Nel 2020 è iniziata la mia avventura come insegnante presso la scuola italiana Alessandro Volta a Bogotá, fondata e guidata da amici del movimento. Insegno Religione e Scienze sociali al liceo, Religione ai ragazzi delle medie.
La grazia più grande che vivo è di avere amici veri, perché non si diventa professore da un giorno all’altro o improvvisando. Occorre invece guardare agli amici e ai professori che sono più avanti di te, lasciandoti correggere con umiltà. Ed è con loro che inizio la giornata: l’Angelus in cappella, poi un caffè insieme, il racconto reciproco delle lezioni che faremo. Prima della pausa pranzo, celebro la Messa per chi vuole e subito dopo andiamo a mangiare.

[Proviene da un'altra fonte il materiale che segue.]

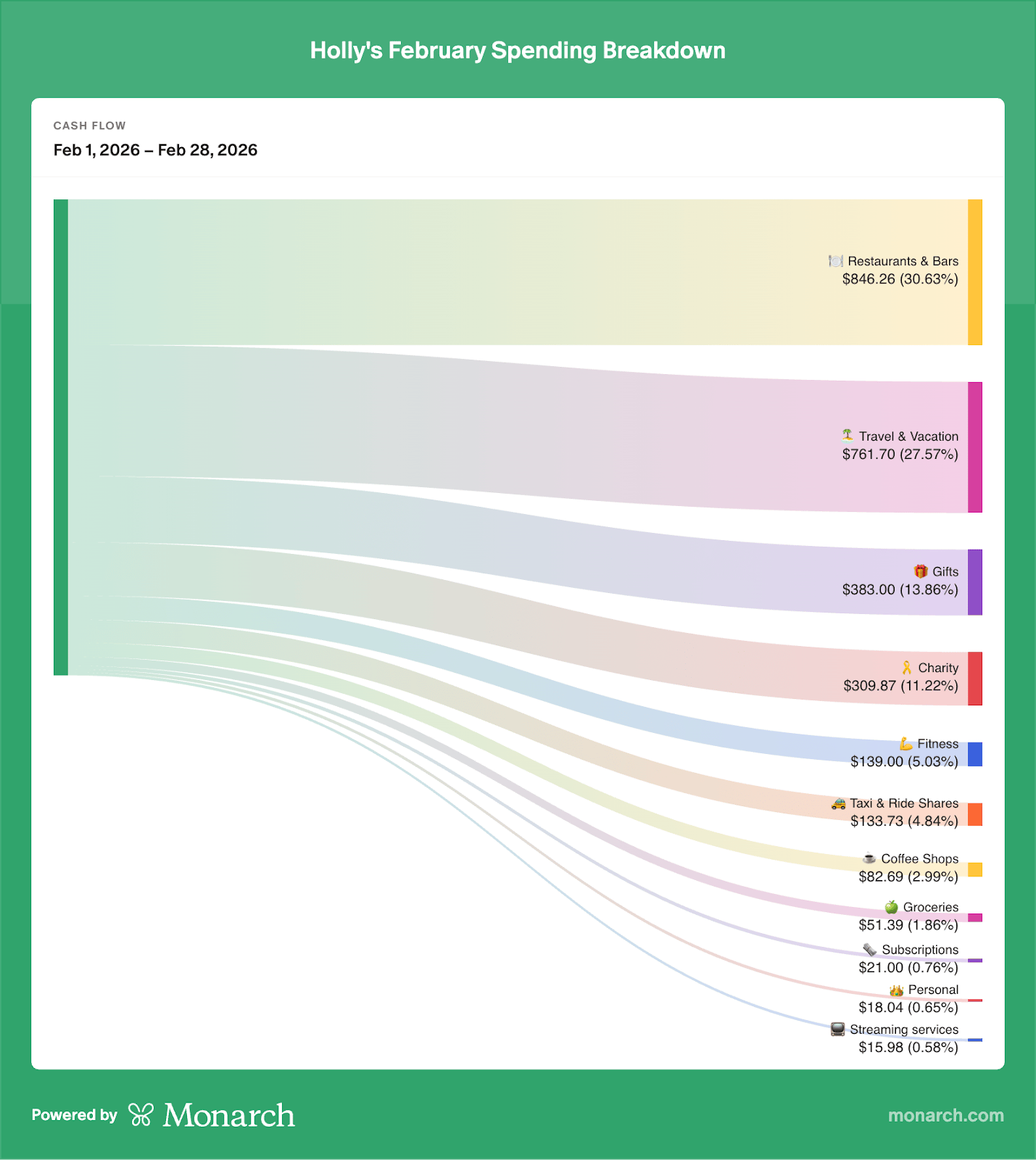 First, track your spending. This is crucial for identifying your spending patterns and weak points. We always recommend using a budgeting app like Monarch, because it makes this step a whole lot less agonizing. Monarch actually lets you create “rules” so that all of your spending is automatically categorized correctly. It even lets you split expenses if you, say, were venmoed for half of a dinner out, or bought both a bottle of wine and personal necessities on a grocery store run. It will also give you a detailed spending report (see example below) by category, so you can see exactly where your money has been going. Once you get in analysis mode, take note of what your common leaks are (such as food delivery, subscriptions, or impulse buys), and determine if you are living within your means or regularly outspending what you’re bringing in a given month.

Non avevo mai pensato di fare il professore, però questa esperienza si è rivelata preziosa, perché è l’occasione per comunicare in modo integrale quello che vivo. Dopo qualche mese di esperienza, mi sono accorto di essere il primo sacerdote con cui questi ragazzi parlano seriamente. Ci è voluto quasi un anno per fare crollare le riserve, le paure, i freni e i pregiudizi che nutrivano nei confronti dei preti. Come ho fatto? Molto semplice: in primo luogo, insegnando ciò che appassiona me, ciò che è importante nella mia vita, mostrandomi come sono. Quando sono sincero, durante la lezione, avverto il silenzio profondo con cui mi ascoltano. Mi seguono stupiti. È il mio sine qua non per fare lezione. L’ho capito una volta che non avevo preparato bene una lezione e avevo deciso di usarne una già fatta sullo stupore e gli scienziati. Peccato che di scienza io non sappia niente, peccato che non mi piaccia in assoluto. Risultato? Tutti dormivano spudoratamente. Ho provato a salvare la situazione invitandoli a prendere un caffè con me dopo la lezione, ma in realtà erano annoiati.
Passo molto tempo con loro, ascoltando i loro problemi, raccontando con sincerità le mie esperienze, ponendo domande e rispondendo con criterio alle loro. Infine, mi siedo in mensa con i ragazzi a mangiare. Molti di loro sono affascinati dalla cultura messicana e perciò spesso porto dei peperoncini della mia collezione personale per tutti. Dal peperoncino e dal mate paraguayano partono sempre dialoghi interessanti. I commenti più frequenti sulla mia persona, la mia storia e le mie lezioni sono sul valore dell’amicizia: i ragazzi si sono accorti che per me è importante. Sanno che sono felice perché sono sacerdote e accompagnato da amici.
Tre mesi fa è partito l’esperimento del cineforum. Il venerdì dopo la scuola vediamo un film seguito da un dialogo guidato da me: è un momento così sincero e vero che la merenda passa in secondo piano. Poi la scuola finisce: mi vesto con gli abiti sportivi, prendo la bici e torno a casa. Durante il viaggio e dopo, nel silenzio in camera, il mio cuore è pieno dei loro volti.
Javier Rosales vive nella casa di Bogotá (Colombia), dove è insegnante di Religione e Scienze sociali. Nella foto, con alcuni ragazzi della comunità locale di Comunione e liberazione.